## WHAT YOU WILL DO
Examine each line of the data. Copy those that contain the string "have".
*** Opening of SUPPLIED MATERIAL ***
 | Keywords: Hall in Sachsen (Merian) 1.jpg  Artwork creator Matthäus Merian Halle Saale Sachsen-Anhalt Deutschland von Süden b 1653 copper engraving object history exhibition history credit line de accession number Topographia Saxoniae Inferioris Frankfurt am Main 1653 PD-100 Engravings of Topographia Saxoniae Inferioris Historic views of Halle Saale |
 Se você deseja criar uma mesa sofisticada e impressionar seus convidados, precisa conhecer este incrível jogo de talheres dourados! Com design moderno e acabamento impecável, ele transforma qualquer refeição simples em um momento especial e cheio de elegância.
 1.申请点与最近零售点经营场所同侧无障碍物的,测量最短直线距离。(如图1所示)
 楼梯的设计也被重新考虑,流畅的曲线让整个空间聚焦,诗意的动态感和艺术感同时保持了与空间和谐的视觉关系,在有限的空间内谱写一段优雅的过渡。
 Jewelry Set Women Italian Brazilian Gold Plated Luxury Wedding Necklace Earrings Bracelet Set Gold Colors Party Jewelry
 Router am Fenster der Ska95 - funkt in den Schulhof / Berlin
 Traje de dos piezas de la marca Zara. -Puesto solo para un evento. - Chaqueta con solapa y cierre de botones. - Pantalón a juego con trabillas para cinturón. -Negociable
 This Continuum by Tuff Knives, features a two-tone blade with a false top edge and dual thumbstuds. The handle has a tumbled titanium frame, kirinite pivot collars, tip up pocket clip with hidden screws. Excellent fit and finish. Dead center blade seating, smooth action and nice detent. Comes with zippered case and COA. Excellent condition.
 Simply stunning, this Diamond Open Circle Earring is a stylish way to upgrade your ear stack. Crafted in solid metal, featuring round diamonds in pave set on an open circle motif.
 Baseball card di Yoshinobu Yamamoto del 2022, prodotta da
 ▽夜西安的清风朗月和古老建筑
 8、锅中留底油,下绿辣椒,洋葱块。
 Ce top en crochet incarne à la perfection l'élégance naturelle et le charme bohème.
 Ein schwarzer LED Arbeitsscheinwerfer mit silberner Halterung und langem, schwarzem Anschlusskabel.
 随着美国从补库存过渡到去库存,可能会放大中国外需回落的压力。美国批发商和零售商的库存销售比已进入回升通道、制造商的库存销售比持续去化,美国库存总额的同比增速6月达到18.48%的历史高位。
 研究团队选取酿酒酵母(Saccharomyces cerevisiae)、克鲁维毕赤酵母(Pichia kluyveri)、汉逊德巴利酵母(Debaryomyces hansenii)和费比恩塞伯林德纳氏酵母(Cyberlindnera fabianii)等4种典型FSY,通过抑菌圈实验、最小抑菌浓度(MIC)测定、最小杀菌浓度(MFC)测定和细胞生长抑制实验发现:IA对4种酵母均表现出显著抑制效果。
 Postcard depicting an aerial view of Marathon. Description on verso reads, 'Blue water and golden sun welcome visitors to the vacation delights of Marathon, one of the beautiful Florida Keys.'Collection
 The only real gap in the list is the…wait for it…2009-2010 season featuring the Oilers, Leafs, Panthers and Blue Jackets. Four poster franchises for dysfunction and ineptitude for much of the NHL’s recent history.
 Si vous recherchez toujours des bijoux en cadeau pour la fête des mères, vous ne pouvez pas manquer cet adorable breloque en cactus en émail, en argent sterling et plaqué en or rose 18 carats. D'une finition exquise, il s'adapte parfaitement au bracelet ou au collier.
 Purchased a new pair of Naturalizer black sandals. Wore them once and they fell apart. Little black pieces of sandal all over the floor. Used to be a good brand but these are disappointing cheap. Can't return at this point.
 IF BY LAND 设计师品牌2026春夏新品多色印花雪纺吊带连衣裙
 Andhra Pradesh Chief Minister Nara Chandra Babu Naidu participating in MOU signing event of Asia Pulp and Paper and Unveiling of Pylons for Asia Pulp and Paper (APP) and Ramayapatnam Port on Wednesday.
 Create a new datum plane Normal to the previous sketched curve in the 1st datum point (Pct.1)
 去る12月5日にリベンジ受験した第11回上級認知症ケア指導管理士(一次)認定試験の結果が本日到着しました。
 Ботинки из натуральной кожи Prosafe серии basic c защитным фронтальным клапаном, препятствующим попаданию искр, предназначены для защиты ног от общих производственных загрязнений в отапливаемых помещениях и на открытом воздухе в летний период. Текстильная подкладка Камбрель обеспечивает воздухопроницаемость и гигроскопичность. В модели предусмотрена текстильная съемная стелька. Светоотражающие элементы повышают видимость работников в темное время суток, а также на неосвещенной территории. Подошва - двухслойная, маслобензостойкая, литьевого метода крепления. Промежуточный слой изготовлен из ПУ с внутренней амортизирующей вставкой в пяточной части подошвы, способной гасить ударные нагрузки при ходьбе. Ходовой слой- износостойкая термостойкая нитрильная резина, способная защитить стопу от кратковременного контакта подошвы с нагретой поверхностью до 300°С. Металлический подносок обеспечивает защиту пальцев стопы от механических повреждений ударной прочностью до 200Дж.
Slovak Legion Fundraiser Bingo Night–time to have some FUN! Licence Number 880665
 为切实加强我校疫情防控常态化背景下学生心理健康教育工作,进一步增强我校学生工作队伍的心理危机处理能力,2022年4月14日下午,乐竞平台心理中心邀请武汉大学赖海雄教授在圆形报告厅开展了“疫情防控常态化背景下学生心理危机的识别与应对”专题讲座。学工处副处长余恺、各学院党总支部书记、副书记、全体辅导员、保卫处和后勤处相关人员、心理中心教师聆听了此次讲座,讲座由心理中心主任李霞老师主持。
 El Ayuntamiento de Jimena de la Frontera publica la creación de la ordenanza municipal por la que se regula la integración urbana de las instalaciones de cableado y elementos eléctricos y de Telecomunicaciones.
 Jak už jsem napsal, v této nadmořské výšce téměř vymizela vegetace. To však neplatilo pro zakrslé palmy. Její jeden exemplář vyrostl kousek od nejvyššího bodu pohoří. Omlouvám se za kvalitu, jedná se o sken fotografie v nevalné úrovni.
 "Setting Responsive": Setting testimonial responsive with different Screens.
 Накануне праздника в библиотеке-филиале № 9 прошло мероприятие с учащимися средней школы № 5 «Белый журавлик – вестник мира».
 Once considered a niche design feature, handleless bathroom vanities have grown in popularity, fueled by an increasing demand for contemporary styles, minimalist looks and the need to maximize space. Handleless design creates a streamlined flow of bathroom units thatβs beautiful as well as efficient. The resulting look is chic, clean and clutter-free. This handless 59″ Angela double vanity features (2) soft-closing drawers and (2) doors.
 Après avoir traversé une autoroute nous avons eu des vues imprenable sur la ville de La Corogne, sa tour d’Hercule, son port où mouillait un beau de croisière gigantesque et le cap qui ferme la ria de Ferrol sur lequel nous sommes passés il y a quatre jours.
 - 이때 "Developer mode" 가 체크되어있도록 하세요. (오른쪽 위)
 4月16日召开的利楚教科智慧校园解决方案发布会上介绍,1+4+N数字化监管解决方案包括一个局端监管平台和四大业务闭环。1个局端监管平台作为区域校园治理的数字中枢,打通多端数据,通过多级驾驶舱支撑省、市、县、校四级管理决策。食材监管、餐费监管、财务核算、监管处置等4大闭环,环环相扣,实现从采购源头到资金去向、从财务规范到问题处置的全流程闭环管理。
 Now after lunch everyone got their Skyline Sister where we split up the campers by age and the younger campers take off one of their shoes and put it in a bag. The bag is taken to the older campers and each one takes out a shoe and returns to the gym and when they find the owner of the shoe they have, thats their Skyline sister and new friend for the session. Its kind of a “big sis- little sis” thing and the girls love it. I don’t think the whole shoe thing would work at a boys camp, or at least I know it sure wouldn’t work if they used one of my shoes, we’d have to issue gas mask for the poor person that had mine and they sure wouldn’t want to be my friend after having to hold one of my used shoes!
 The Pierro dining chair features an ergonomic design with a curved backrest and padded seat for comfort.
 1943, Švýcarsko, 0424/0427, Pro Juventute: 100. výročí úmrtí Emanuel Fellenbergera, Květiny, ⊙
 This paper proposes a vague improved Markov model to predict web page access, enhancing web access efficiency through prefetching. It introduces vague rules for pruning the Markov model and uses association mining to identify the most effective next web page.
*** Close of SUPPLIED MATERIAL ***
## YOUR RESPONSE
Slovak Legion Fundraiser Bingo Night–time to have some FUN! Licence Number 880665
 Once considered a niche design feature, handleless bathroom vanities have grown in popularity, fueled by an increasing demand for contemporary styles, minimalist looks and the need to maximize space. Handleless design creates a streamlined flow of bathroom units thatβs beautiful as well as efficient. The resulting look is chic, clean and clutter-free. This handless 59″ Angela double vanity features (2) soft-closing drawers and (2) doors.
 Now after lunch everyone got their Skyline Sister where we split up the campers by age and the younger campers take off one of their shoes and put it in a bag. The bag is taken to the older campers and each one takes out a shoe and returns to the gym and when they find the owner of the shoe they have, thats their Skyline sister and new friend for the session. Its kind of a “big sis- little sis” thing and the girls love it. I don’t think the whole shoe thing would work at a boys camp, or at least I know it sure wouldn’t work if they used one of my shoes, we’d have to issue gas mask for the poor person that had mine and they sure wouldn’t want to be my friend after having to hold one of my used shoes!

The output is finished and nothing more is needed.